The Overhead Wire Daily | February 8th, 2024 | The Pipes Aren’t Big Enough
One of the things we emphasize on the podcast and here at the newsletter is how everything is connected. One of my favorite targets for this connection are our roads. They mean so much to everyone and I don’t think many people understand how much they carry. It’s not just cars as many would have you believe, but people, drainage and water supply, gas and electric energy, connectivity through the internet, and commerce to name just a few main items.
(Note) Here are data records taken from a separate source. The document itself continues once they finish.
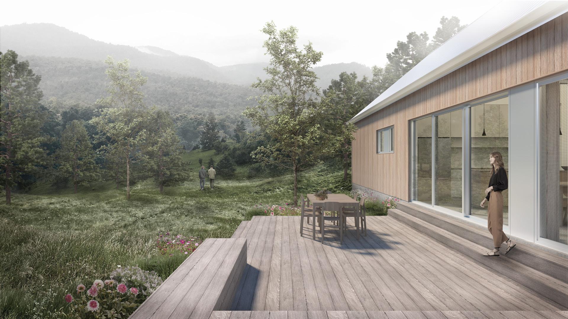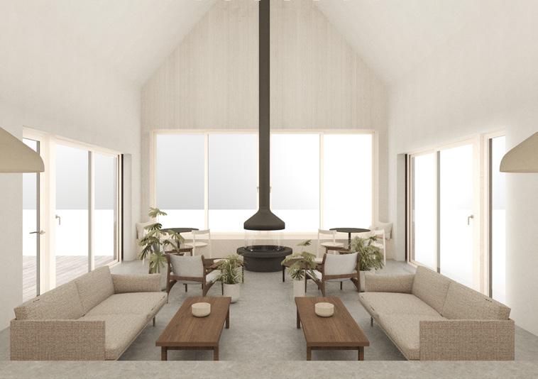 The project consists of several buildings that blend seamlessly into their environment, including a Nordic farm, a cafe-bar, fourseason A-frame cabins, and an outdoor activity base. Inspired by vernacular farm buildings, the cafe is at the heart of the project and the activities offered on site. Inside, there’s a small market and shop, where seasonal fresh produce grown on site are available as well as other goods such as cheeses, craft beers and wines from local producers.
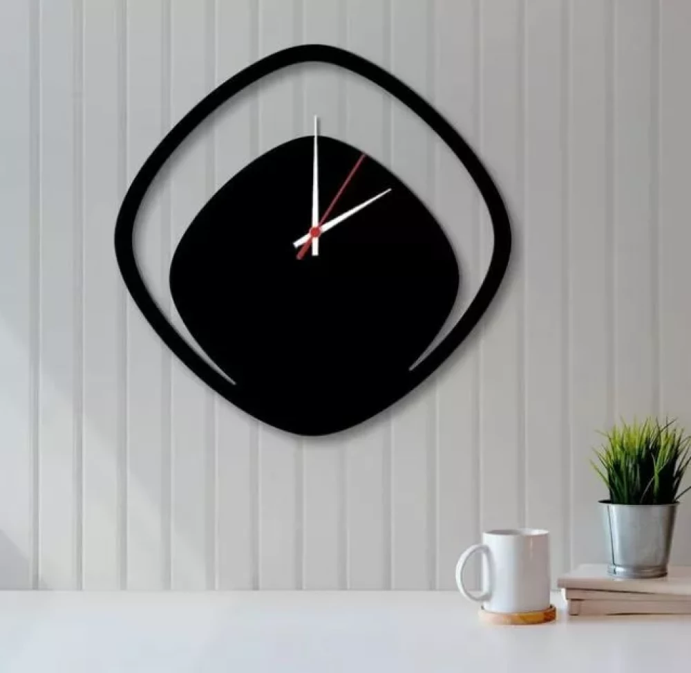 The impressive Designer and stunning Black Boomerang Shape Wooden Wall Clock is made of a laser cut 7mm thick piece of MDF wood, professionally painted with high quality paint, protected with a layer of transparent matte finish varnish.
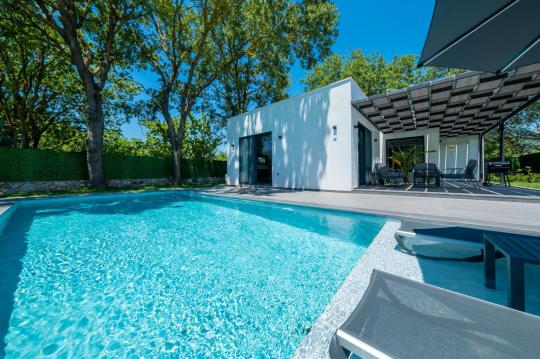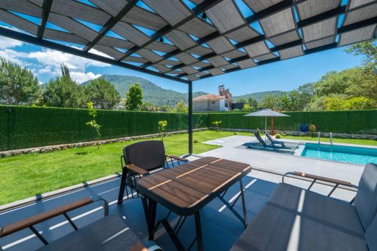 Havuz ve bahçe terası dışarıdan görünmeyecek şekilde dizayn edilen villamız, muhafazakar tatil tercih eden aileler ve balayı çiftleri için ideal bir seçenektir. Rahatınız ve gizliliğiniz ön planda tutularak tasarlanan villa, sakin bir ortamda rahat bir tatil geçirmenizi sağlar.
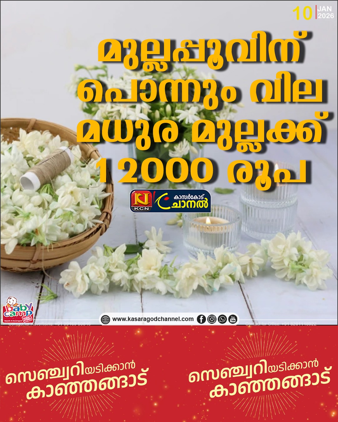 തമിഴ്നാട്ടില് മാത്രമല്ല കേരളത്തിലും മുല്ലപ്പൂവിന് പൊന്നുംവിലയാണ്. കൊച്ചിയില് ആറായിരത്തിനും ഏഴായിരത്തിനും ഇടയിലാണ് മുല്ലപ്പൂവിന്റെ വില. മാലകളുടെ വിലയും കുത്തനെ ഉയര്ന്നു. ഒരു ചെറിയ മുല്ലപ്പൂ മാലക്ക് വില 100 രൂപയ്ക്ക് മുകളിലാണ്. ശനി, ഞായര് ദിവസങ്ങളില് ചില്ലറ വില ഇരട്ടിയാകുന്ന സ്ഥിതിയുമുണ്ട്.
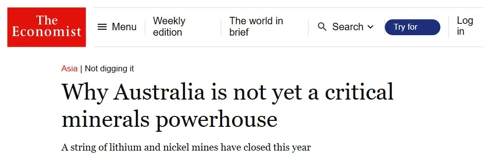 去年,英国《经济学人》杂志亦在一篇文章中表示,拥有大量矿产的澳大利亚之所以至今还没有成为稀土生产大国,其中一大原因是中国的市场地位太牢固了,而且中国通过在全球布局稀土矿还在定价上拥有了很大的话语权,导致澳大利亚在成本和价格上都不具备商业优势,而且建设精炼厂等基础设施还需要大笔的投资,所以不少原本在澳大利亚搞稀土项目的企业反而在撤出。
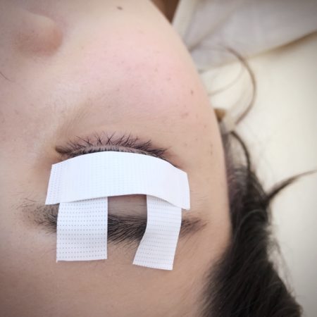 次に、上まつげ保護のためのテープを貼ります。イメージとしては、こちらの画像のような貼り方。
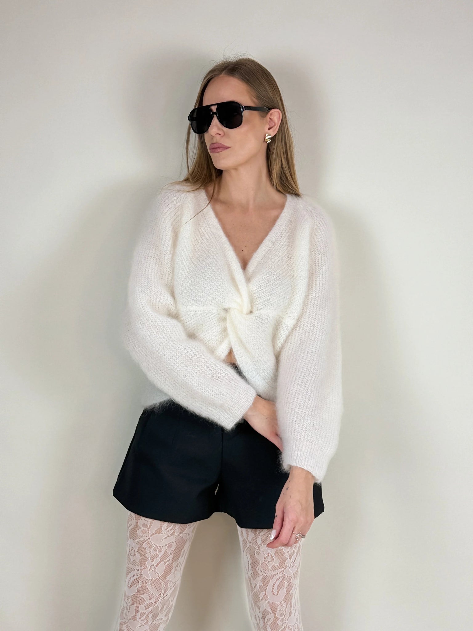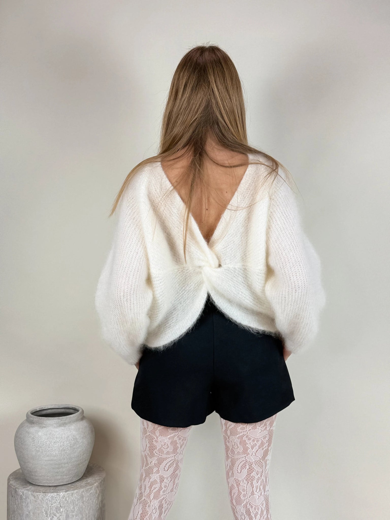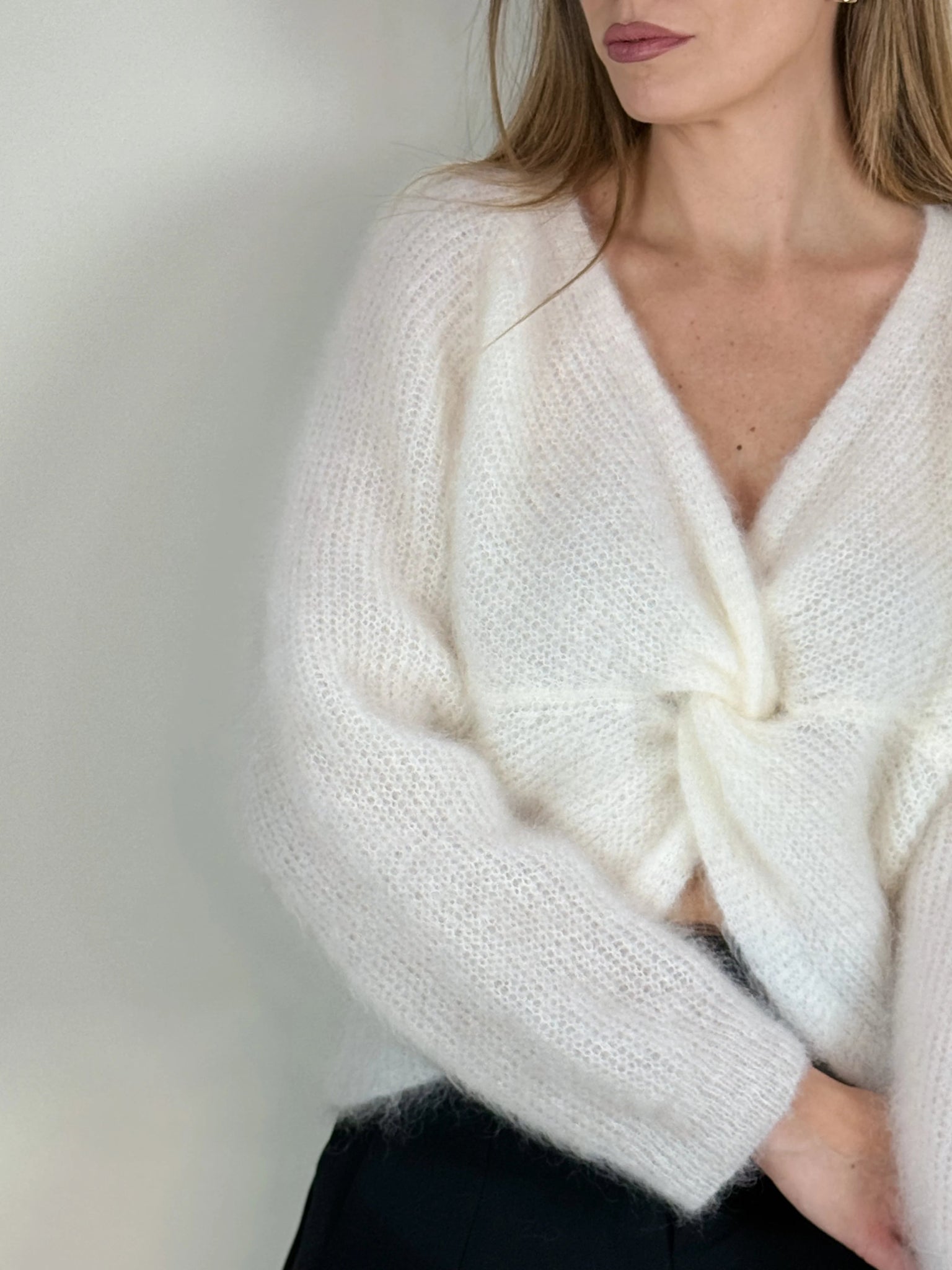 Wykonany z luksusowej przędzy z zawartością 74% moheru, otula ciało miękkością i zapewnia przyjemne ciepło w chłodniejsze dni. Klasyczny krój z długim rękawem i subtelnym ściągaczem dopełnia efektowny dekolt z wiązaniem, który można nosić na dwa sposoby – z przodu lub z tyłu, w zależności od okazji.
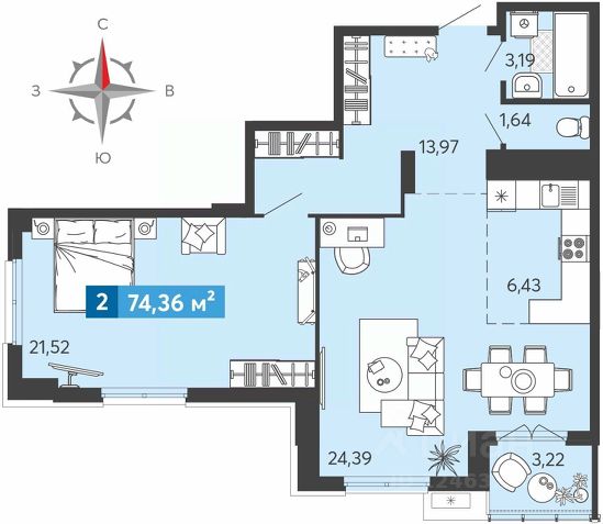 Окна квартиры выходят на 3 разные стороны света (окна на две стороны: запад- восток)
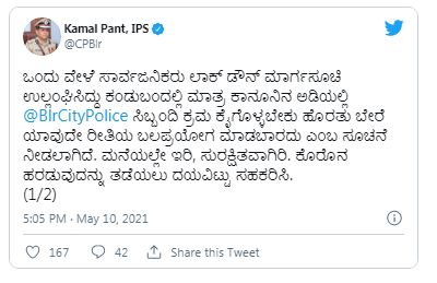 ಒಂದು ವೇಳೆ ಸಾರ್ವಜನಿಕರು ಲಾಕ್ಡೌನ್ ಮಾರ್ಗಸೂಚಿ ಉಲ್ಲಂಘಿಸಿದ್ದು, ಕಂಡುಬಂದಲ್ಲಿ ಮಾತ್ರ ಕಾನೂನಿನ ಅಡಿಯಲ್ಲಿ ಬೆಂಗಳೂರು ಪೊಲೀಸ್ ಸಿಬ್ಬಂದಿ ಕ್ರಮ ಕೈಗೊಳ್ಳಬೇಕೆ ಹೊರತು ಬೇರೆ ಯಾವುದೇ ರೀತಿಯ ಬಲಪ್ರಯೋಗ ಮಾಡಬಾರದು ಎಂಬ ಸೂಚನೆ ನೀಡಲಾಗಿದೆ. ಮನೆಯಲ್ಲಿ ಸುರಕ್ಷಿತವಾಗಿರಿ, ಕೊರೋನಾ ಹರಡುವುದನ್ನು ತಡೆಯಲು ದಯವಿಟ್ಟು ಸಹಕರಿಸಿ ಎಂದು ಸಾರ್ವಜನಿಕರಲ್ಲಿ ಮನವಿ ಮಾಡಿದ್ದಾರೆ.
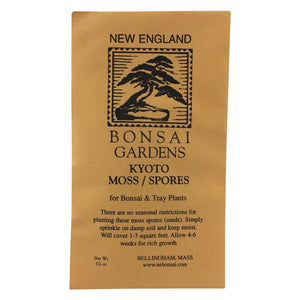 Kyoto Moss Spores Our Moss Spores are of a variety commonly termed 'Kyoto' Moss, as is prevalent at the Kyoto Gardens in Japan. The beautiful, bright green velvet appearance is weed free, since it is greenhouse-grown in sterilized soil. Shelf life is indefinite, as spores are packed in a zip-lock bag within the envelope. A detailed growing guide is included. 1/2 Ounce Net Wt. Covers up to 3 square feet.
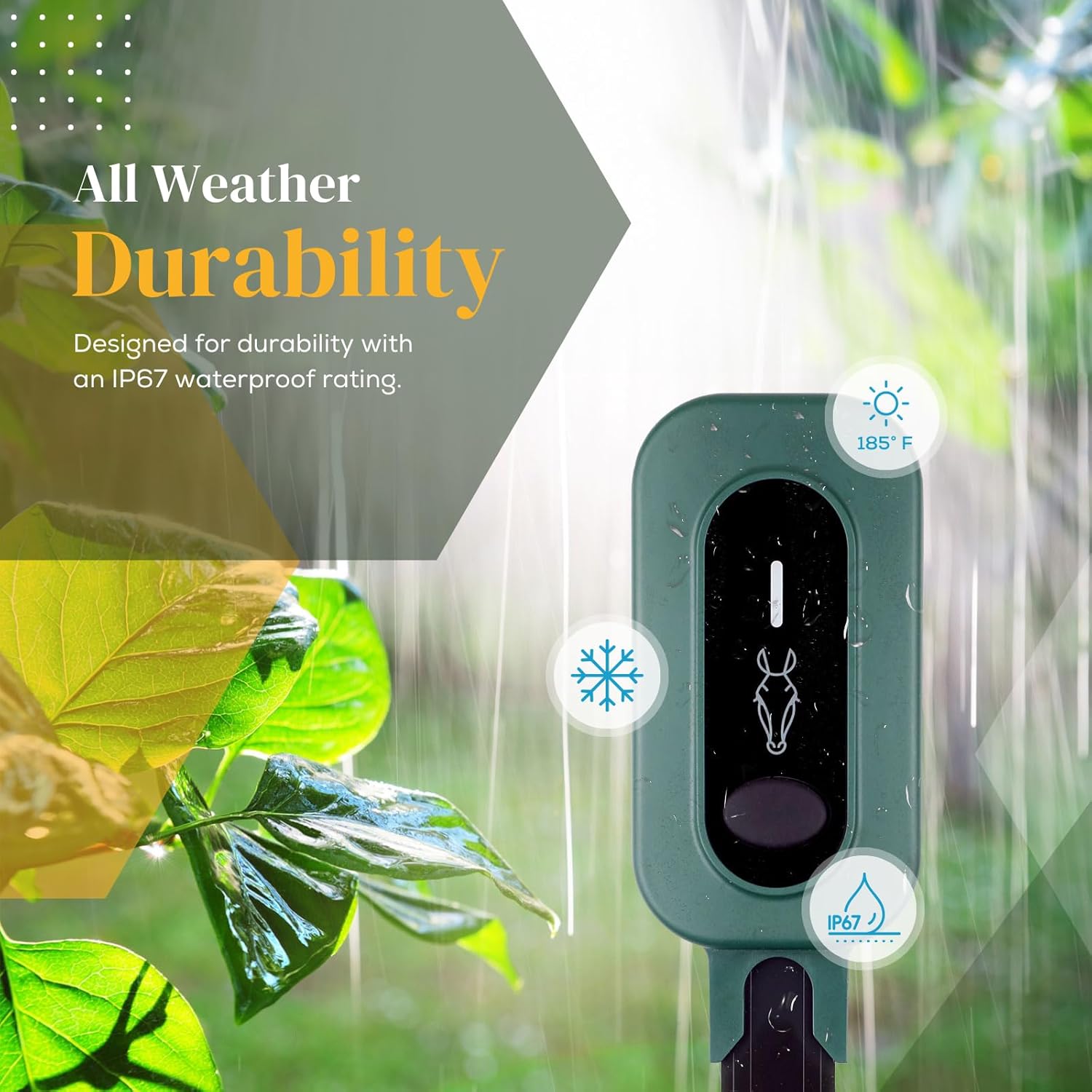- 【User-Friendly & Durable Design】A compact, low-profile probe slips cleanly into pots or beds without disturbing roots. IP67 water-resistant housing stands up to rain, splashes, and dust. Powered by 2×AA batteries for up to 1 year (usage dependent), it offers quick, wire-free setup and minimal maintenance—ideal for beginners and pros.

And that’s why what’s happening with sea level rise in places like Charleston and all the rainfall and atmospheric rivers drenching places like California are so important in a transportation sense. Streets and the drainage below them aren’t designed for the rain events that are going to become more commonplace with climate change. Engineers agree that we just can’t retrofit all the pipes under all the streets that are designed for five to ten year flood events that will become even more frequent.
As the New Republic article cited above notes, we need to be focusing on ways to not allow the water to get into the pipes as fast through green infrastructure like retaining ponds, creating space for rivers to overflow, and bioswales on streets. We could even fix up our lawns and yards to do a better job of collecting excess runoff and support biodiversity at the same time.
Perhaps this is where the highway widening money could go that the trades are worried would disappear when we stop building highways. Street level water management. Maybe we could also create some transportation changes that make us safer as well. Changing large systems like roads is hard, but it is necessary unless we want to get swept away.